The other day he came down and we spent close to 11 hours together. He helped me with errands i.e. grocery shopping (he carried my groceries up), we went out to eat, saw a movie. He paid for both of the latter things. We got back to my place, we just hung out, watched TV, browsed the internet. He then gave me the most intimate massage. And as like all other times he ends with a long hug. not a friend hug, IMO. it would definitely be a lover's-type hug. And he always likes to pick me up right after.. Never kissed etc, btw

 

He has a lot of my photos on his phone and even took a few more, maybe not a big deal sounding off-top, but why would he need pics of me just sitting in my apartment? LoL. .

 

I just feel since we talk ALL the time and things are great, that I feel as though I dont need a BF with him around. And it's even better now that he's not talking about other gals!:lmao:

 

topically, it looks like we'd be an item, but these things add up to make me think he's not interested:

 

If i compliment him, he makes a joke.

I need to factor in he said he was "off the market"..

He doesnt really hit on me

Never have kissed. Never held hands.

a big obvious he hasnt requested to be exclusive

 

So.. I dont know if he's waiting on me to start something up or what the deal is. what is going on here....? And how should I approach the matter? Is there any way I can hint at me digging him without rocking the boat? Or should I leave it alone and reevaluate later down the line?

  • Author
Posted

uggggh, i dont know. he brought up the massage again while we were talking on skype. we are both sooo exhausted from work... and sleep-talking... I sleep texted him and he joked saying I was "drunk txting" .. and then replied "youre coming on a bit strong lady ;)" ... then i didnt really reply I only said "hmmmmm"..

 

directly after that he replied "that's fine, it probably just seems that way"

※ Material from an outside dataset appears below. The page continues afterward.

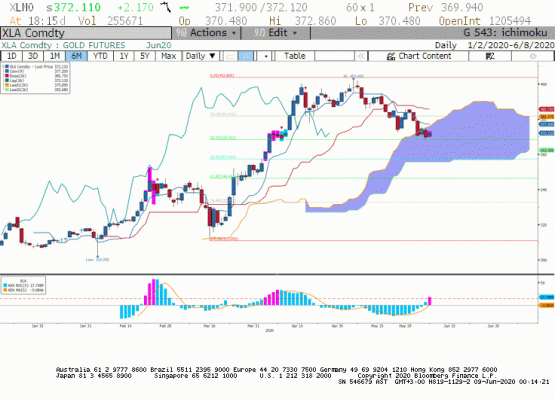 Ons altına baktığımızda haftanın son işlem gününde satışların yeniden ön plana çıktığını ve ons altının yeniden 1700$ altında kapanış yaptığını gözlemledik. Haziran vade gram altın ise günü 372.110 seviyesinden kapattı. Altının güvenli liman olarak cazibesi, daha fazla ekonominin yeniden açılması ve virüs eğrisinin yatay hale gelmesi ile birlikte azaldı. Genel olarak yükseliş trendinde olan onsta, kısa vade yakalanan momentum ile birlikte yaşanan gevşemenin ardından yeniden yükselişlerin yaşandığını görebiliriz.

And with his comment of me drunk-txting I replied "im drunk on you =]"

 

him: "I can't tell if you're serious or just messing with me...."

 

And that is what lead him back into the massage conversation,

him asking yet again was it good. etc. and "of course it was", I said.

 

*SIGH* i know, sooo lame of me to say "im drunk on you" = W.T.F ? Rof..I should have taken a walk to think before I sent that. At any rate, I'm SO scattered. (I'm sure it's apparent:lmao:)

 

He's feeling really bogged down because of work I'll probably tell him that I hope he feels better soon because he's the highlight of my day... =]

He is.........

 

I wont get talk with him much tonight since he's already so lagged from staying up super late to talk then waking up very early. *frown face* Doubt I'll get to see him this weekend.... so I cant say anything to him about my interest til I see him?!?!

Posted

I'll say most guys do not spend lots of time with a woman unless they are attracted to them. He sounds like he likes you but is feeling you out if you really feel the same.

Some guys don't take hints well so you need to let him know you like him in an un-deniable way. Do some strong flirting so he knows you feel romantic towards him.

Posted

He's not attracted to you, but seeing as your presence is known, you are an easy distraction for him.

Obviously, if he was interested in you he would've pursued you long time ago.

 

And yes, guys and girls can just be friends if the guy is not attracted or he doesn't see a future with you. However, this does not mean he will turn down sex if you readily offer it up.

 

Remember, two consenting adults agreeing to the hanky-panky does not mean he owes you anything the next day.

Posted
I'll say most guys do not spend lots of time with a woman unless they are attracted to them.

 

This. He spent 11 hours with you, helped you with your errands, and gave you a nice massage. I dont think a man would do all that for someone they don't have attraction for. Perhaps he's just a little shy and doesn't know how to clearly get his feelings across.

  • Author
Posted

I didnt think he'd be spending so much time with me if he didnt enjoy my personality...? funny thing, right before we started talking a lot, I had mentioned I loved attention from guys.. He told me he needed alone time from girls because he loves his space..

 

NOW HERE WE ARE.... talking all the time. and he definitely initiates chats. and replies to txts pretty swiftly, so I definitely believe he loves talking with me; although, I''m not sure if he realizes hours & hours pass while we talk. He talked to me first thing when he got home. He took a nap and messaged me when he woke up.

 

and I'm not sure how he is not attracted to me, after our "date" he said, "I think you were wearing the tight clothes for my benefit all day".. then went to say it was I was "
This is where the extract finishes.